Setting Up Git Collaboration

Next we sync the project to GitHub, allowing a team to collaborate with familiar synchronization tools and git history.

Details:

Python Library

We only used the Kiln app for this project, but in the video we briefly introduce the Kiln python library which you can use to work with Kiln project in code.

Recap, Docs and Discord

Next Steps

This was a quick demo of all the pieces working together. If I wanted to continue to iterate on quality, here’s where I’d focus next:

Improve the Existing Eval

I’m really not sure my manual labels are correct in the golden dataset (I’m not much of a ffmpeg wizard as I thought). More eval data (golden and eval_set), and more iteration on the judge prompt, and better labels from an actual ffmpeg expert would be a good place to invest.

Iteration on model+prompt

I'd iterate more trying to find the best method of running the task, including:

  • Try more thinking models, and chain-of-thought on non-thinking models. Building command line parameters seems ideal for step-by-step thinking.
  • Try more prompts: try few-shot prompts, try adding some key knowledge to the prompt (for web videos include "-movflags +faststart", "prefer mp4 container if not specified", etc)

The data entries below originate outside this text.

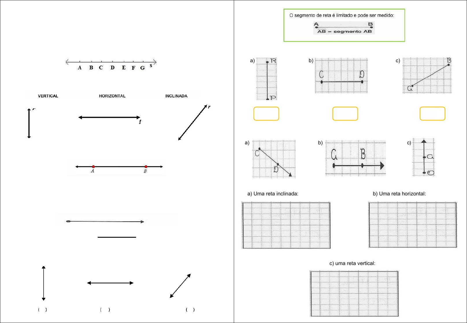 <p>RETAS</p><p>Na matemática, as retas são linhas infinitas formadas por pontos. Sendo</p><p>ilimitada nos dois sentidos. Elas são representadas por letras minúsculas e</p><p>devem ser desenhadas com setas para os dois lados, indicando que não</p><p>possuem fim. Já os pontos da reta são indicados por letras maiúsculas.</p><p>Exemplo:</p><p>Uma reta pode ser construída em três posições: horizontal, vertical ou</p><p>inclinada:</p><p>SEGMENTO DE RETA</p><p>O segmento de reta é limitado por dois pontos da reta. Observe:</p><p>A parte entre os pontos A e B é chamado de segmento de reta.</p><p>SEMIRRETA</p><p>A semirreta possui origem, mas é ilimitada no outro sentido, isto é, possui</p><p>início, mas não tem fim:</p><p>ATIVIDADES</p><p>1) Correlacione as posições das retas:</p><p>(A) Inclinada (B) Horizontal (C) Vertical</p><p>2) Represente os seguintes segmentos.</p><p>3) Circule os pontos de origem das semirretas:</p><p>4) Utilizando a malha quadriculada, desenhe a reta que se pede:</p>
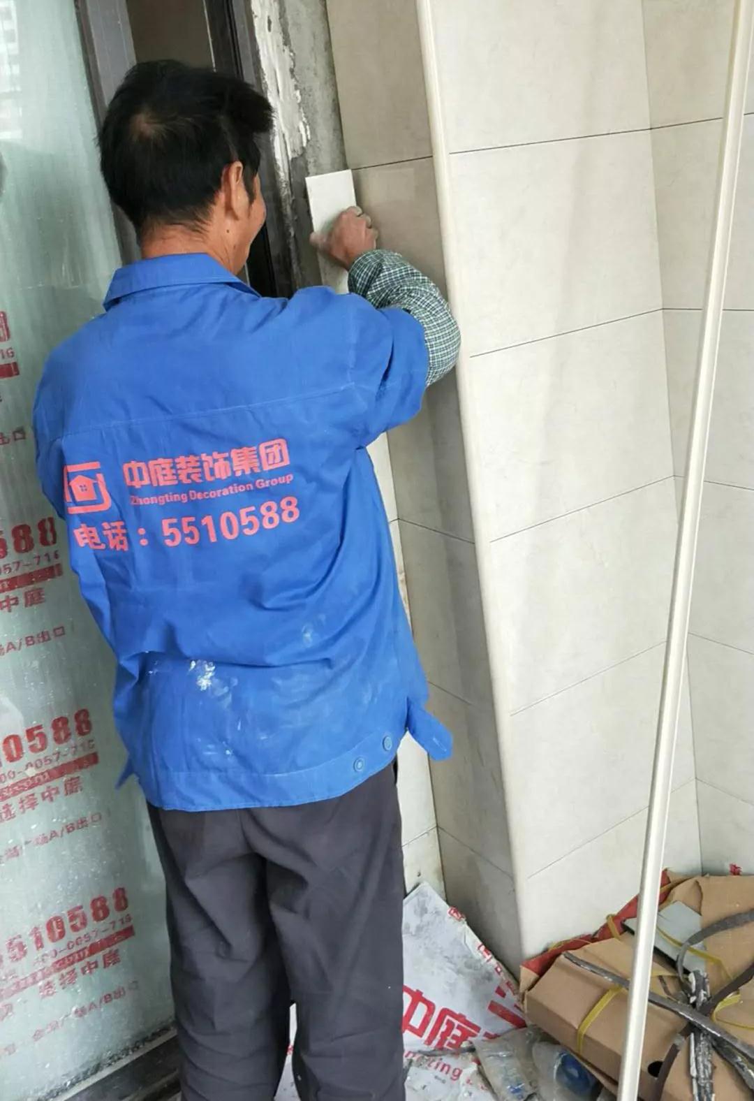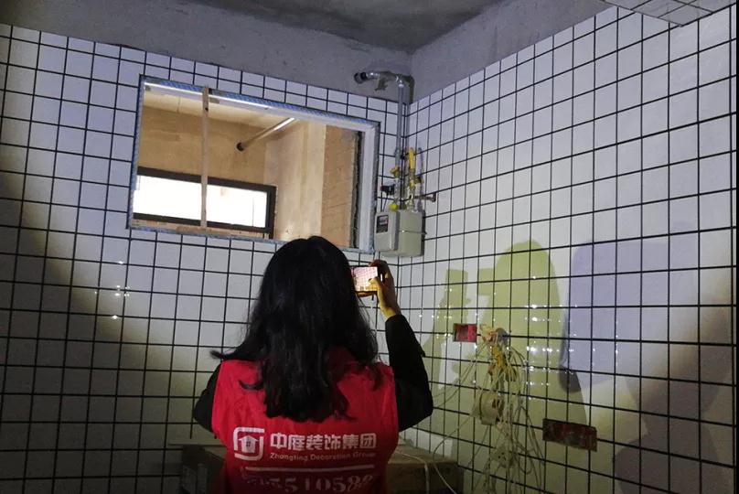 現(xiàn)場檢查是否按圖施工,檢查墻面鋪磚平整度
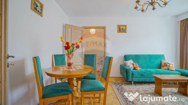 Apartamentul este situat la etajul 4/4 al unui imobil liniștit și bine întreținut, oferindu-vă o priveliște panoramică asupra orașului. Spațiul generos include două holuri, un living luminos și primitor, un balcon, o baie elegantă, un dormitor confortabil și o bucătărie modernă, complet utilată cu mașină de spălat vase, aragaz, cuptor și espressor. De asemenea, apartamentul dispune de o debara, oferindu-vă spațiu adițional pentru depozitare.
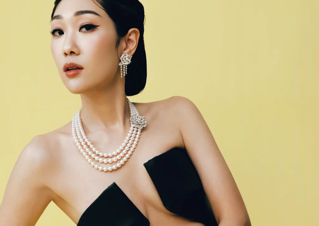 The Bows necklace in 18K white gold with Akoya cultured pearls and diamonds, and earrings in 18K white gold with white South Sea cultured pearls and diamonds, and High Jewellery Collection bracelet in 18K white gold with Akoya cultured pearls and diamonds _ Mikimoto
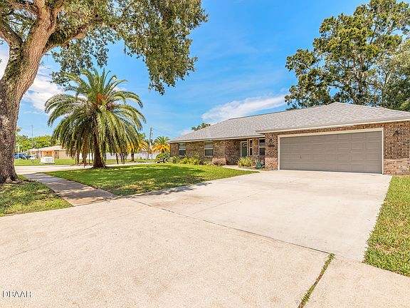 4-bedroom, 2-bath single-family brick home. Centrally located in beautiful Port Orange Florida. Situated on a spacious corner fenced lot. This home features modern amenities including solar panels (owned not leased) which significantly reduce energy bills. Newer roof replaced in 2021, including new hardware for the 20 solar panels. Hybrid water heater (2022), combined gas and/or electric stove, along with 2 solar attic fans for optimal efficiency. Newer washer and dryer. The thoughtfully designed split floor plan is ideal for families or multigenerational living. The extended cement driveway accommodates large vehicles with ease. Large, fenced corner lot. Glassed lanai for all weather enjoyment, as well as a separate slab for BBQ or sunbathing. Newer shed, washer and dryer. With its excellent location and family-friendly features, this home is an exceptional opportunity for first-time buyers or investors. Preferred Port Orange school district. Minutes to the river, beach, shopping highways, and colleges/universities

Iterate on product side with evals/prompts

Each model has its own style of output; they swap the order of the explanation/command and the formatting. I'd want to define the best version, and write some evals to confirm they follow it.

More Fine-Tuning: only if local or cost optimization was the goal

I probably wouldn't iterate on fine-tuning unless I really wanted a system that could run locally or to really reduce price per token.

Why? The foundation models work pretty damn well. They seem to already have good knowledge about how to use ffmpeg. Iterating on prompting would probably be faster and more effective than fine-tuning. Fine-tuning can be great when cost/privacy are critical, but it's a lot of extra work and will slow your project down.

If I wanted a system that could run locally or to really reduce price per token, fine-tuning would help. The high quality models either closed/hosted (GPT 4.1, Sonnet) or too big for the average person to run locally (Qwen 3 32B/Llama 70B).

Our quick pass at fine-tuning has shown it can really improve the performance of smaller models; in particular Llama 3B and Gemini Flash saw big jumps. To iterate I'd try:

  • Generate a larger training set. I started with 330 examples, then added 719 more and could see a benefit. To do this I'd probably manually build a list of all ffmpeg features and use that as top-level topics for synthetic data generation that would let me systematically ensure every feature was contained in the training dataset. I'd also look around for existing examples to include.
  • I'd try more base models like Gemma, Llama 3.1, Qwen. We've already seen that there's a wide quality gap between models (likely from their pre-training data). The right base model could boost quality, although as the training set got better I'd imagine the gap closes.
  • I'd try smaller models. I'd bet with the right training data, even a 1B parameter model could do well given how constrained this problem is.

Using the Project

This was built as a demo project, not a real product. However I've actually found it handy. I used it to re-encode the video walkthrough before uploading it to Vimeo, and it did things I wouldn't have thought of like using a lanczos scaler to keep sharper text (since I told it that the content was a screencast). You can see the commit here. Kinda cool!

If any ffmpeg wizard wants to take a stab at improving the performance with new evals/prompts/tunes, I'd be happy to take PRs.